Although chimeric antigen receptor (CAR) T cells therapy has shown impressive antitumour efficacy, life-threatening complications that result from cytokine release syndrome (CRS) impose barriers to broader applications. Current IL-6 blockade strategies face many challenges: (i)The antibodies are easy to be cleared from the body. (ii) Systemic introduction of blockade antibodies generally causes some adverse toxicities such as hyperuricemia. (iii) Current CRS management strategies in the clinic need continuous monitoring of cytokines and CRS-related symptoms after CAR-T cell infusion. However, it is difficult to precisely predict whether and when a patient will develop CRS, as well as their severity level. Any delay in the administration of IL-6 blockade antibodies would result in severe toxicity including organ failure and even patient death. Even through timely intervention, permanent damage to patients could have already been caused when CRS is detected. Additionally, it would affect normal levels of IL-6 if blockade antibodies are given earlier than the onset of CRS.

 Can we explore novel therapeutics that can be administered before CAR-T cell infusion to prevent CRS-related symptoms? Since we know that IL-6 contributed to several major symptoms of CAR-T induced CRS, our team believes that an ideal therapeutic for IL-6 intervention should only affect the abnormally elevated IL-6 during CRS but not interfere with normal levels of IL-6 when CRS does not exist. This approach aims to overcome the shortcomings of conventional IL-6 blockade antibodies and bypass the complex monitoring process of conventional CRS treatment strategies.

 Based on the characteristics of CRS and medication challenges, we propose utilizing an IL-6 sponge (IL6S) with IL-6-specific antibody chemically conjugated to a thermo-sensitive hydrogel to prevent CAR-T cell-induced CRS (Fig. 1). By adjusting the antibody concentration in the hydrogel, the IL-6 adsorption threshold of IL6S can be precisely controlled. The optimized IL6S does not affect IL-6 levels under normal conditions or when CRS does not occur. IL6S can be administered prior to CAR-T cell infusion to capture any abnormally increased IL-6 in a real-time manner when CRS occurs, thus avoiding the complex CRS monitoring process.

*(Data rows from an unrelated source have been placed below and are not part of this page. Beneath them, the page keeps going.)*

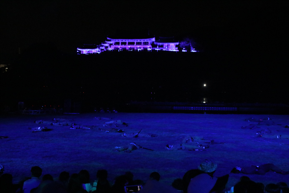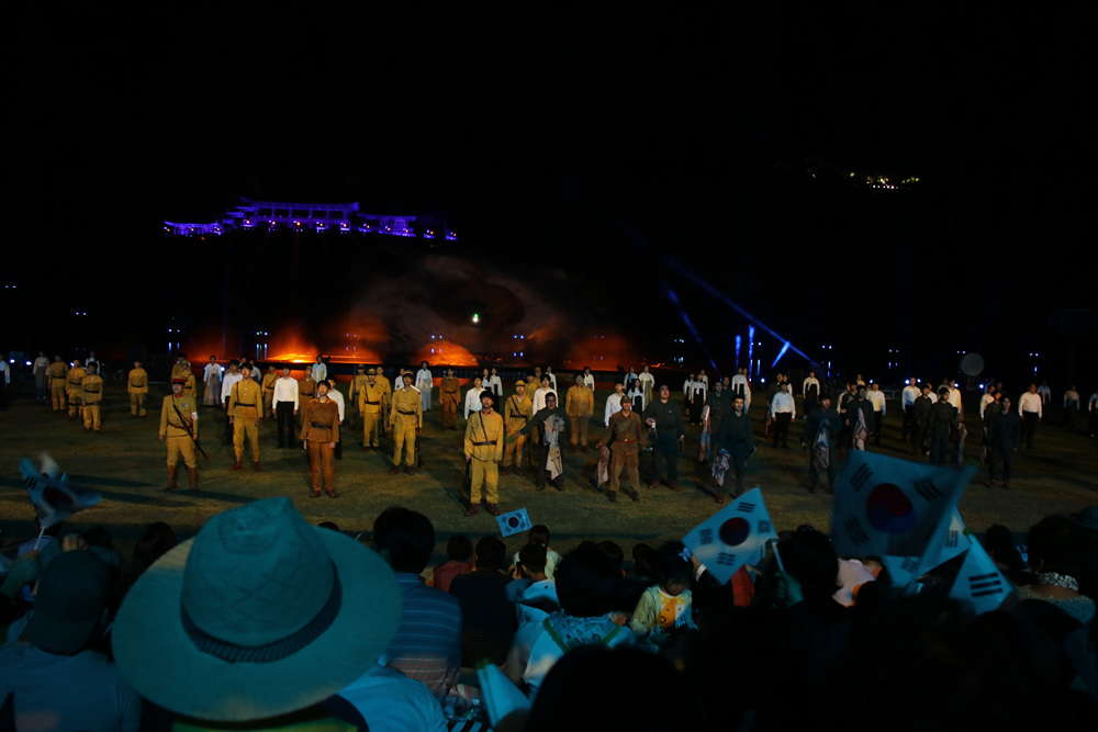대경대학교의 액션뮤지컬 밀양아리랑 주제공연이 펼쳐지고 있는 무대입니다.
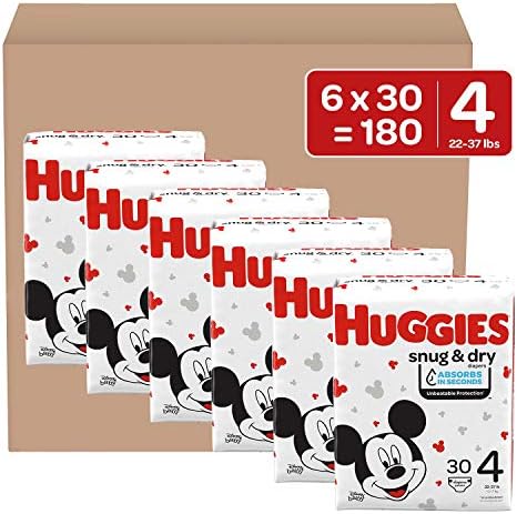 Huggies Snug & Dry Baby Diapers, Size 4, 180 Ct, One Month Supply
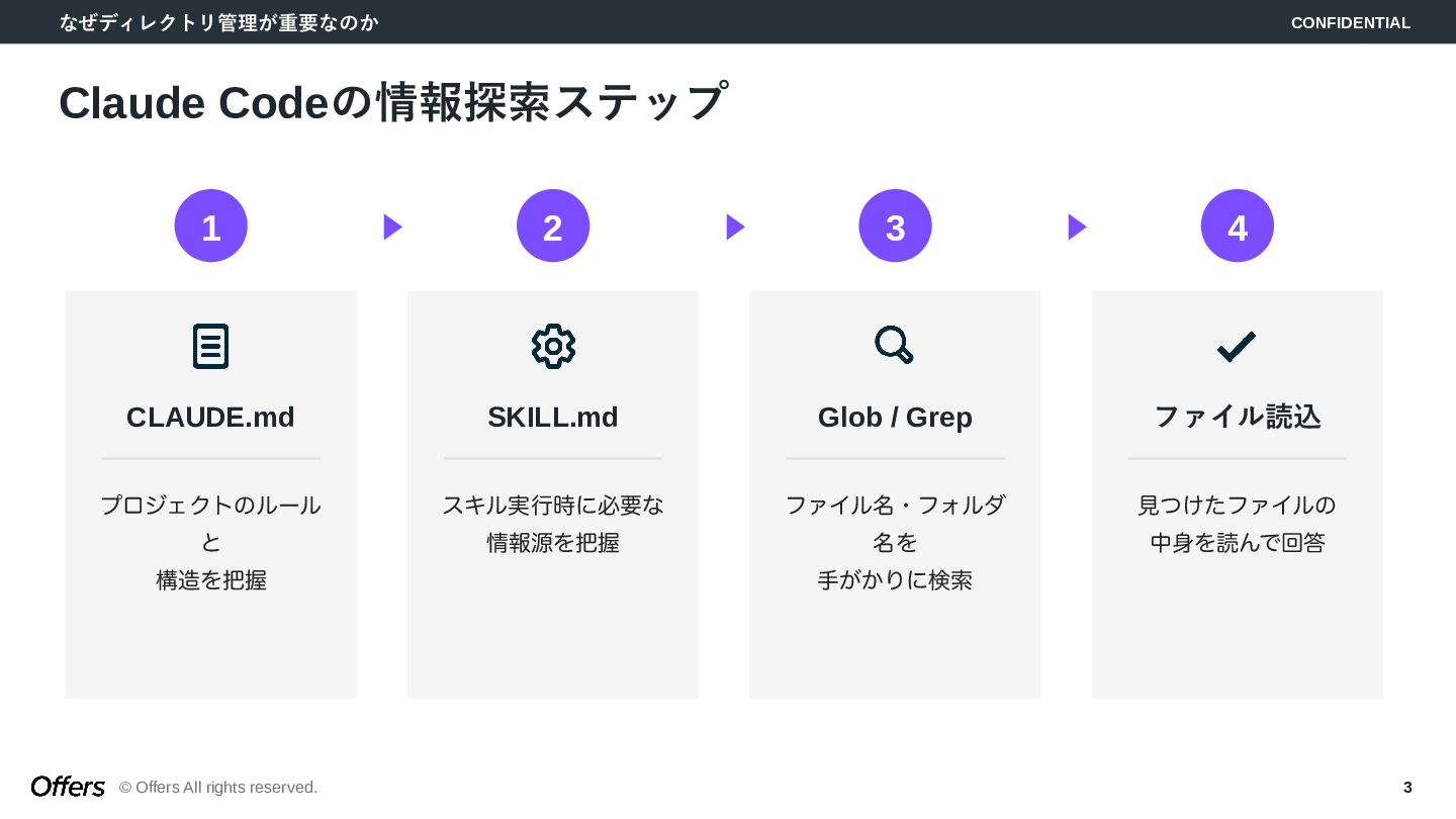 3. なぜディレクトリ管理が重要なのか CONFIDENTIAL © Offers All rights reserved. 3 Claude Codeの情報探索ステップ
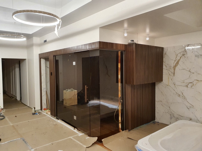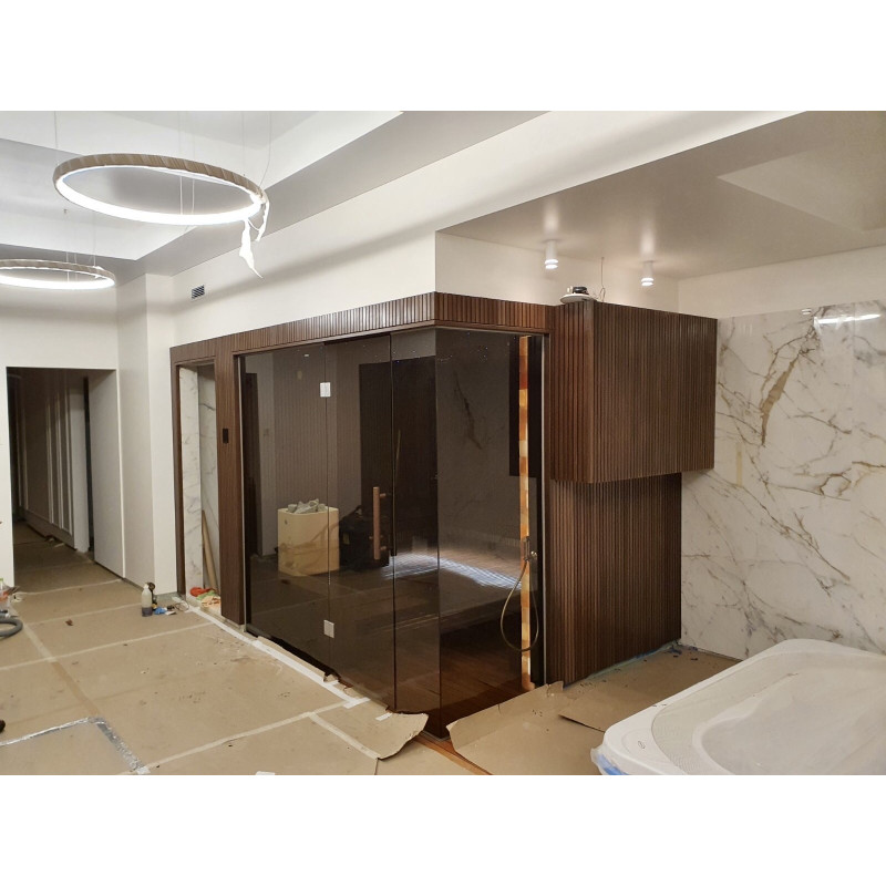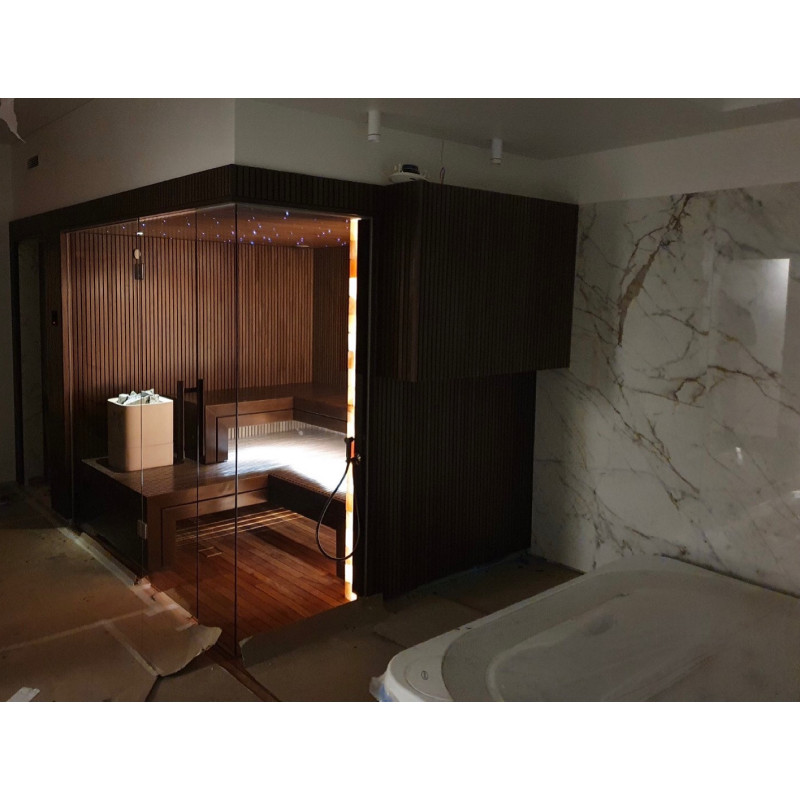 Viļņā tika īstenots individuāls pirts projekts. Izvēlēta laima koks, kas pārklāts ar dabīgo vasku ar krāsu. Balts sildītājs Tulikivi Kuura 2 ar atsevišķu turku pirts tvaika ģeneratoru (Harvia 4,5 kW), kas ievietots sildītājā. Šī sistēma rada ļoti lielu sekundārā mitruma daudzumu.

 Although the therapeutic effect of IL6S was quickly verified in a CRS-mimicking model, it is a huge challenge to establish a real CAR-T cell-induced CRS model. To address this issue, our team sought a collaboration with Prof. Tongcun Zhang’ lab at Wuhan University of Science and Technology, and Prof. Xingxu Huang’s team at ShanghaiTech University, both of the teams are experienced in CAR-T cell fabrication and animal model construction. With their great support, we successfully built CAR-T induced CRS models in humanized immune system mice. With respect to the administration of free IL-6 antibodies, the subcutaneously administrated IL6S largely suppressed CAR-T-cell-induced CRS, substantially improving the animals’ survival and alleviating their levels of fever, hypotension and weight loss, as well as maintaining antitumour efficacy of CAR-T cells in vivo. Another advantage of IL6S is its ease of removal from the injection site with a syringe following an ice coating-induced gel-sol transition. This convenient process allows for the removal of both the IL6S material and the adsorbed IL-6.

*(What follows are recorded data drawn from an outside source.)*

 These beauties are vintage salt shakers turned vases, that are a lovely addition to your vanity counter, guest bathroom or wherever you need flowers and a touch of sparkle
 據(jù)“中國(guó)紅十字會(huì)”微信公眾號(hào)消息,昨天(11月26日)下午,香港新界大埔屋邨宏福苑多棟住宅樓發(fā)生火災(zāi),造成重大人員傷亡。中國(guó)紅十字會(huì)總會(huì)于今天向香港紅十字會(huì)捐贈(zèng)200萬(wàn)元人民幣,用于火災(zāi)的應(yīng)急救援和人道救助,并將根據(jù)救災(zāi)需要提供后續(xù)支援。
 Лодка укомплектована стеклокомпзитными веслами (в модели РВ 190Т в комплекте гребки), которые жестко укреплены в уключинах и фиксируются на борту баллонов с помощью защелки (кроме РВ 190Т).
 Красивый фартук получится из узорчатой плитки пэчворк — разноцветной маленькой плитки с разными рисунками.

 Our team highly appreciates the insightful comments provided by the editor and reviewers, which have significantly improved the quality of our manuscript. For instance, one key aspect that required consideration was the dosage required when utilizing the IL-6-adsorbing hydrogel to prevent CRS in patients. We calculated that for grade 1, 2, 3, and 4 CRS, IL6S volumes of approximately 0.44, 2.20, 7.76, and 11.04 mL respectively would be sufficient to fully adsorb the abnormally elevated IL-6 in human patients. Moreover, multi-site injections could be employed for clinical translation, ensuring that the volume at each injection site remains small. Another potential solution for clinical translation involves using an ex vivo dialysis device, similar to haemodialysis used in clinical settings. In this approach, IL6S can be coated or fixed on the walls of the dialysis pipe. As the patient’s serum passes through the dialysis unit, the abnormal elevated IL-6 can be effectively captured by IL6S. This method also offers the advantage of easy removal of IL6S after addressing CRS.

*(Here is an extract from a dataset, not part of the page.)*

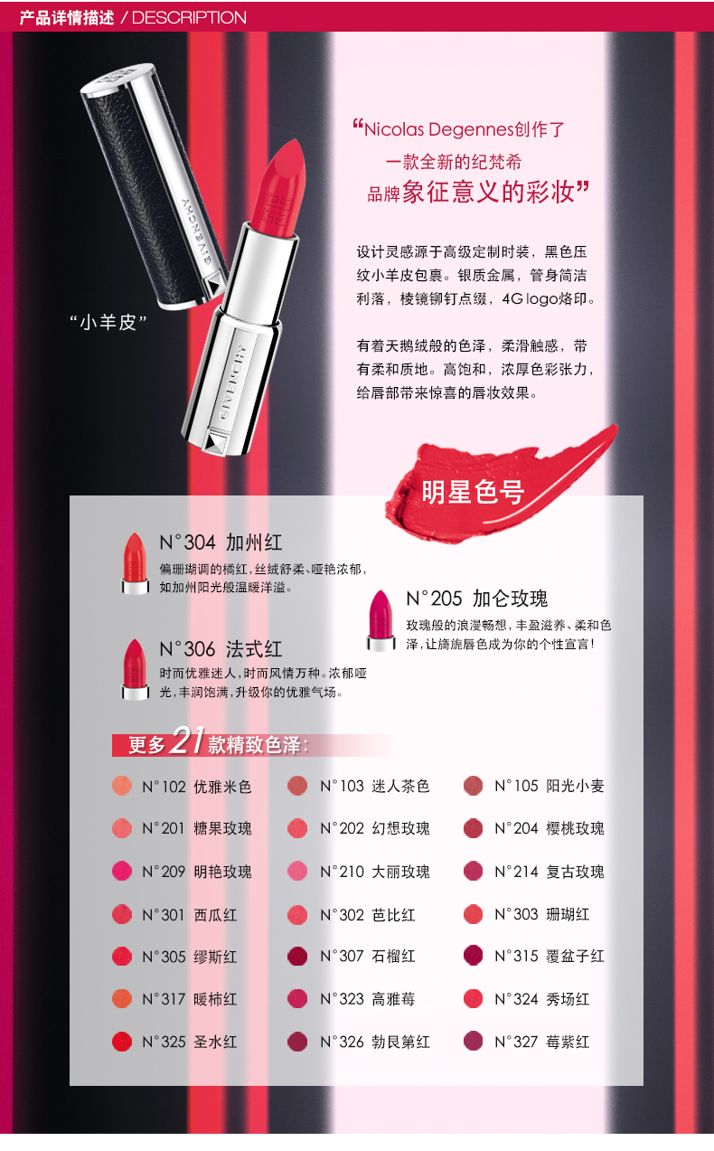 包装方式:包装 品牌:GIVENCHY/纪梵希 包装单位:支 原产地:法国

 This research spanned five years from its beginning to the acceptance of the article. Although the journey was long and challenging, we take immense pride that our research provides the field a novel method for the management of CAR-T cell-induced CRS. Our results could facilitate a shift in CRS management, from complicated monitoring to proactive prevention. Given that CRS with similar characteristics also occurs in a portion of SARS-CoV-2-infected COVID-19 patients, IL6S holds the potential to be employed to preventively control relevant symptoms during antiviral therapy.